BEGIN Available data

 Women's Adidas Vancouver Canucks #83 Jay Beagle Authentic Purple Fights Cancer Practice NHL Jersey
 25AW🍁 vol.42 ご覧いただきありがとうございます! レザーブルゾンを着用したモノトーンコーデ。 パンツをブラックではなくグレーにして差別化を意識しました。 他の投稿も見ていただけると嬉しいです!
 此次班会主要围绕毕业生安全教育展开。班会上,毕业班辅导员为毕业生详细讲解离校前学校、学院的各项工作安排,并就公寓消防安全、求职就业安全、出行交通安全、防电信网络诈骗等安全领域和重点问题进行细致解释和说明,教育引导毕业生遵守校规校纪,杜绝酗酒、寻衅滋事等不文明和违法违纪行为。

END Available data
BEGIN Available data

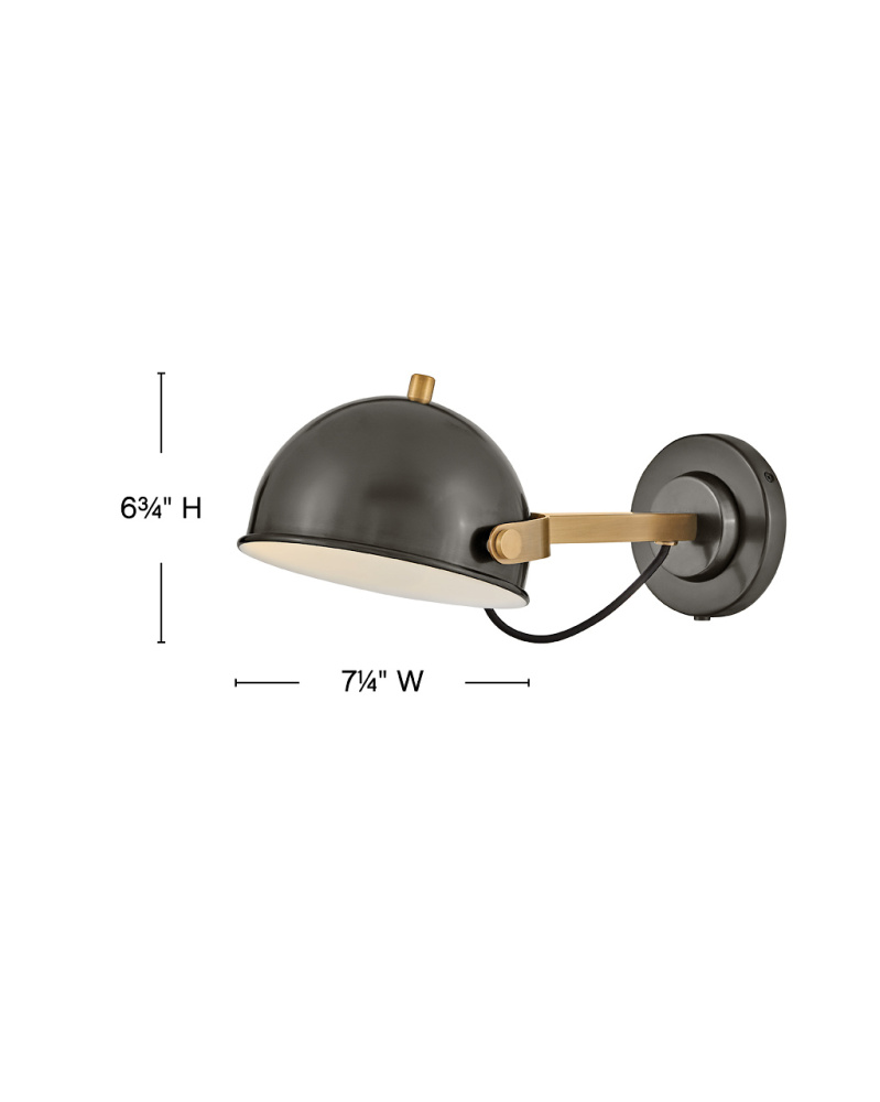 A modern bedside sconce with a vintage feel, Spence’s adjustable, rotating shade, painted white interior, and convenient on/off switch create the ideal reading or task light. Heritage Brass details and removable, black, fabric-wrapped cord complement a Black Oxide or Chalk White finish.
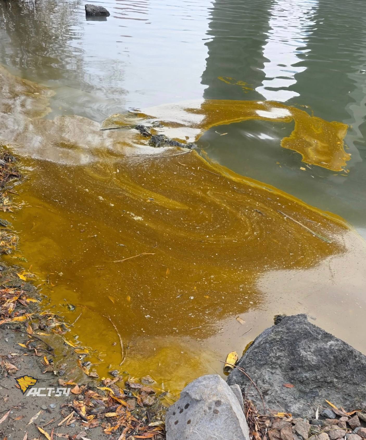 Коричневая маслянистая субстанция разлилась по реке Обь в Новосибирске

END Available data
BEGIN Available data

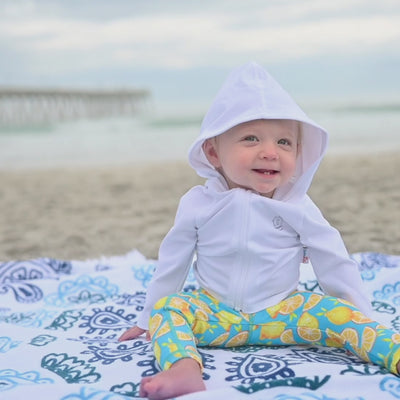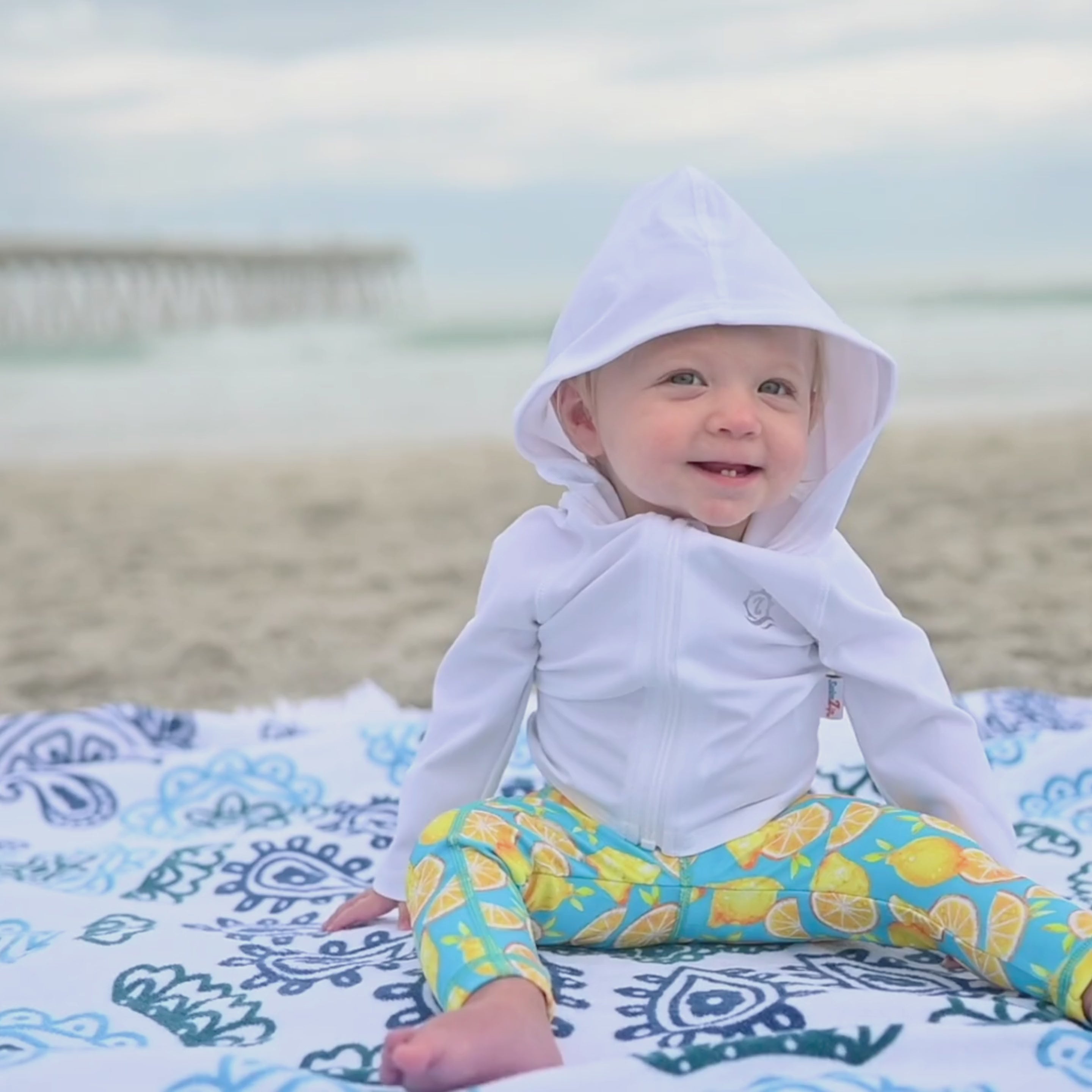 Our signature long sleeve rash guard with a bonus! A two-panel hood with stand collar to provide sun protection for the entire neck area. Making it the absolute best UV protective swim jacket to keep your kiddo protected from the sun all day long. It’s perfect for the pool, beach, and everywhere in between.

END Available data

→ What to produce
Would you please write out, exactly and with no other lines, the stretch of the listing above from the line containing "Women's Adidas Vancouver" through the line containing "此次班会主要围绕毕业生安全教"?

→ Output of the task
 Women's Adidas Vancouver Canucks #83 Jay Beagle Authentic Purple Fights Cancer Practice NHL Jersey
 25AW🍁 vol.42 ご覧いただきありがとうございます! レザーブルゾンを着用したモノトーンコーデ。 パンツをブラックではなくグレーにして差別化を意識しました。 他の投稿も見ていただけると嬉しいです!
 此次班会主要围绕毕业生安全教育展开。班会上,毕业班辅导员为毕业生详细讲解离校前学校、学院的各项工作安排,并就公寓消防安全、求职就业安全、出行交通安全、防电信网络诈骗等安全领域和重点问题进行细致解释和说明,教育引导毕业生遵守校规校纪,杜绝酗酒、寻衅滋事等不文明和违法违纪行为。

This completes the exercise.